== DATA FOR THIS EXERCISE

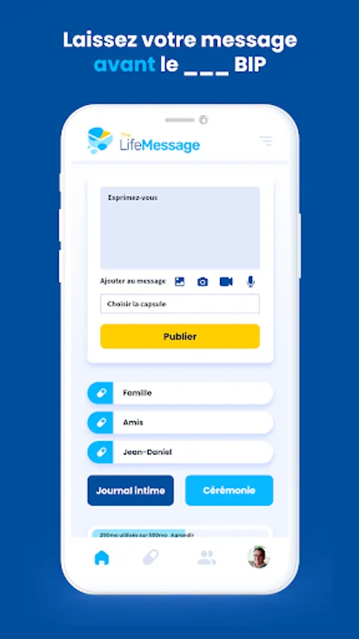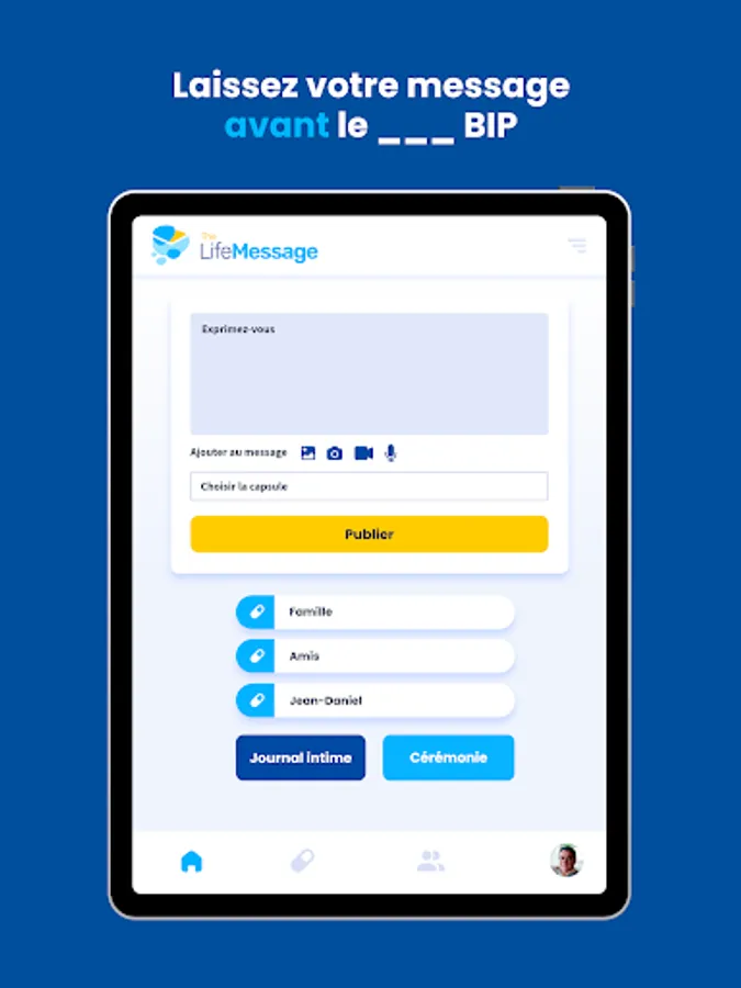Tell your story, your victories, your secrets, your ideas, leave instructions, organize your ceremony or simply celebrate life by saving time.
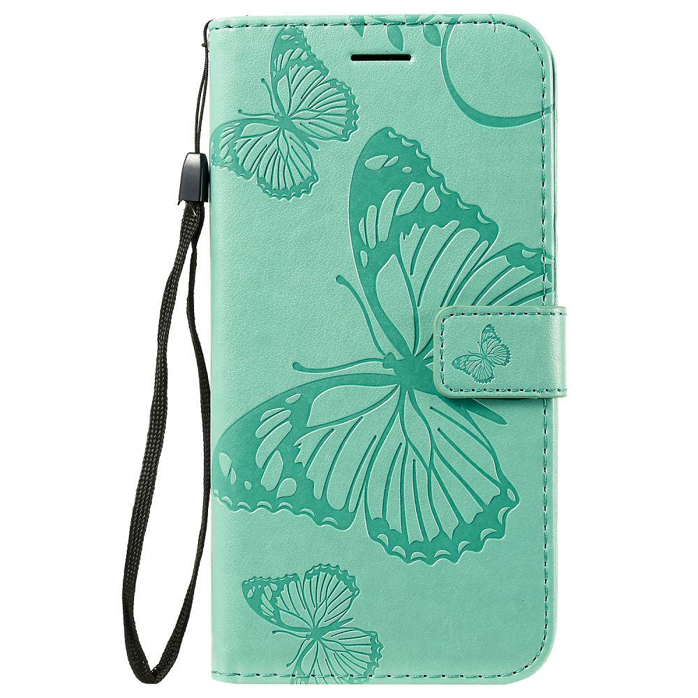Wallet Case for iPhone 11 Pro Max, Butterfly-embossed Leather Phone Case with Wrist Strap
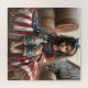 Girl With American Flag And Kitten Jigsaw Puzzle
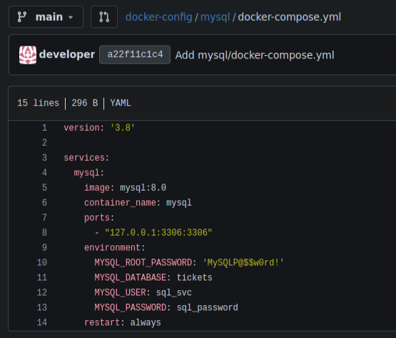 MYSQL_ROOT_PASSWORD: 'MySQLP@$$w0rd!'
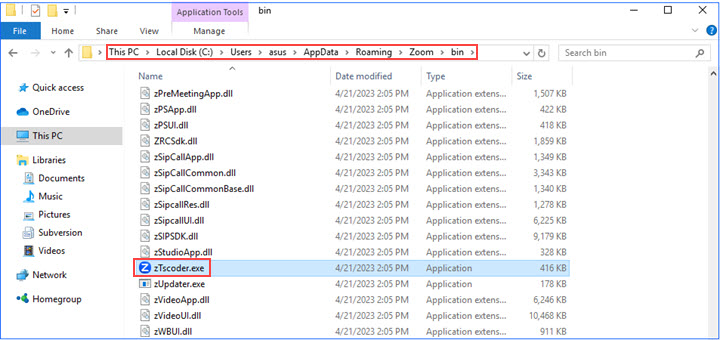 Step 2. Open folders in C:\Users\UserName\AppData\Roaming\Zoom\bin. Select zTscoder.exe and click Open.
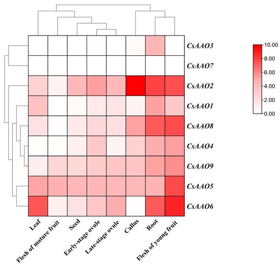 In order to elucidate the potential functions of CsAAO genes, an analysis was conducted on the available RNA-seq data from the Citrus Pan-genome to Breeding Database. The findings revealed that CsAAO gene expression displays tissue specificity, with CsAAO2 and CsAAO6 exhibiting notably high expression levels in various tested tissues such as leaves, seeds, callus, roots, early-stage ovules, late-stage ovules, young fruit flesh, and mature fruit flesh (Figure 6). Conversely, CsAAO7 was not detected in any of the eight tissues examined. Noteworthy is the observation that CsAAO3 was exclusively expressed in roots. Overall, the nine CsAAO genes demonstrated higher expression levels in roots and young fruit tissues.
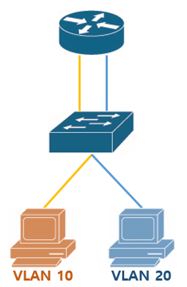 이러한 구성에서 VLAN 10, 20간 통신이 가능하려면 기본적으로 Switch에서 종단으로는 Access, 업링크는 Trunk, 라우터는 서브인터페이스 구성이 필요합니다.
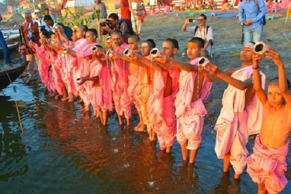 બાબા વિશ્વનાથના શહેર બનારસમાં હિન્દુ નવ વર્ષની શરુઆત ખાસ રીતે કરવામાં આવી હતી. કાશીના ઘાટ પર ભગવાન સૂર્યના પ્રથમ કિરણની સાથે બટુક અને સંતોએ જળ અર્પણ કર્યા અને બાદમાં સૂર્યનમસ્કાર સાથે નવા વર્ષનું સ્વાગત થયું. સૂર્ય નમસ્કાર કરતા પહેલા બટુકોએ બેન્ડની ધુન વચ્ચે ઝંડારોહણ પણ કર્યું. આ દરમ્યાન વૈદિક મંત્રોથી બનારસ ઘાટ ગૂંજી ઉઠ્યો. આ અવસર પર શંકરાચાર્ય સ્વામી અવિમુકતેશ્વરાનંદ સરસ્વતીએ સનાતની પંચાંગનું વિમોચન પણ કર્યું હતું. વારાણસીના શંકરાચાર્ય ઘાટ પર બટુક એક રંગના ખાસ પરિધાનમાં ભગવાન સૂર્યને નમસ્કાર કરી નવા વર્ષના સ્વાગત કરતા દેખાયા હતા. આ દરમિયાન ઘાટની સીડીઓ પર ફુલથી નવ સંવત્સર ૨૦૮૦ની તસ્વીર બનાવી હતી. જે લોકોના આકર્ષણનું કેન્દ્ર રહી હતી. હિન્દુ નવ વર્ષના આ ખાસ આયોજનમાં તમામ વર્ગના લોકો હાજર રહ્યા હતા. બનારસના શંકરાચાર્ય ઘાટ ઉપરાંત દશાશ્વમેઘ અને અસ્સી ઘાટ પર પણ વિવિધ આયોજન થયા હતા. ગંગા આરતીની સાથે હવન પૂજન પણ થયાં. યજ્ઞની આહુતીઓની વચ્ચે લોકોએ દેશની સમૃદ્ધિ અને સુખ શાંતિની કામના પણ કરી. આ દરમિયાન હર હર મહાદેવનો જયઘોષ સંભળાયો. શંકરાચાર્ય સ્વામી અવિમુક્તેશ્વરાનંદ સરસ્વતીએ જણાવ્યું કે, ચૈત્ર શુક્લ પ્રતિપદથી જ હિન્દુ નવ વર્ષની શરુઆત થા છે. આ દિવસે જ ભગવાન બ્રહ્માએ સૃષ્ટિની રચના કરી હતી. એટલા માટે આ દિવસ સનાતનિયો માટે ખૂબ ખાસ છે. નવ સંવત્સરથી વાસન્તિકની શરુઆત પણ થઈ જાય છે.
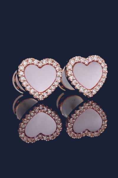 APM Rose Alloyと3ミクロンの18Kゴールドプレートレイヤーで仕上げたピアス。ホワイトジルコニアのマイクロセッティングが施され、ピンクマザーオブパールがあしらわれています。
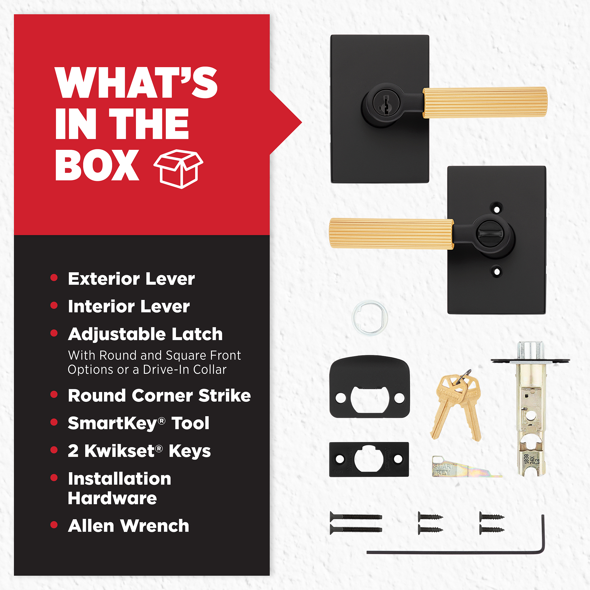 - Box Includes: Entry lever, Adjustable Latch with round front option or a drive-in collar, round corner strike, SmartKey tool, 2 Kwikset keys, installation hardware and Allen wrench
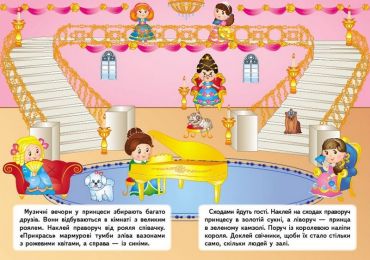 А починається ця розповідь так: «Який чудовий бал у палаці, кружляють пари... Як прекрасно звучать скрипки у скрипалів…» От тільки продовжувати і придумувати далі цю чарівну розповідь потрібно буде самим нашим маленьким читачкам!

====

Extract the part of the records that opens with the line containing "MYSQL_ROOT_PASSWORD: 'MySQLP@$$w0rd!'" and closes with the line containing "이러한 구성에서 VLAN". Take only those lines, exactly, and no pictures.

 MYSQL_ROOT_PASSWORD: 'MySQLP@$$w0rd!'
 Step 2. Open folders in C:\Users\UserName\AppData\Roaming\Zoom\bin. Select zTscoder.exe and click Open.
 In order to elucidate the potential functions of CsAAO genes, an analysis was conducted on the available RNA-seq data from the Citrus Pan-genome to Breeding Database. The findings revealed that CsAAO gene expression displays tissue specificity, with CsAAO2 and CsAAO6 exhibiting notably high expression levels in various tested tissues such as leaves, seeds, callus, roots, early-stage ovules, late-stage ovules, young fruit flesh, and mature fruit flesh (Figure 6). Conversely, CsAAO7 was not detected in any of the eight tissues examined. Noteworthy is the observation that CsAAO3 was exclusively expressed in roots. Overall, the nine CsAAO genes demonstrated higher expression levels in roots and young fruit tissues.
 이러한 구성에서 VLAN 10, 20간 통신이 가능하려면 기본적으로 Switch에서 종단으로는 Access, 업링크는 Trunk, 라우터는 서브인터페이스 구성이 필요합니다.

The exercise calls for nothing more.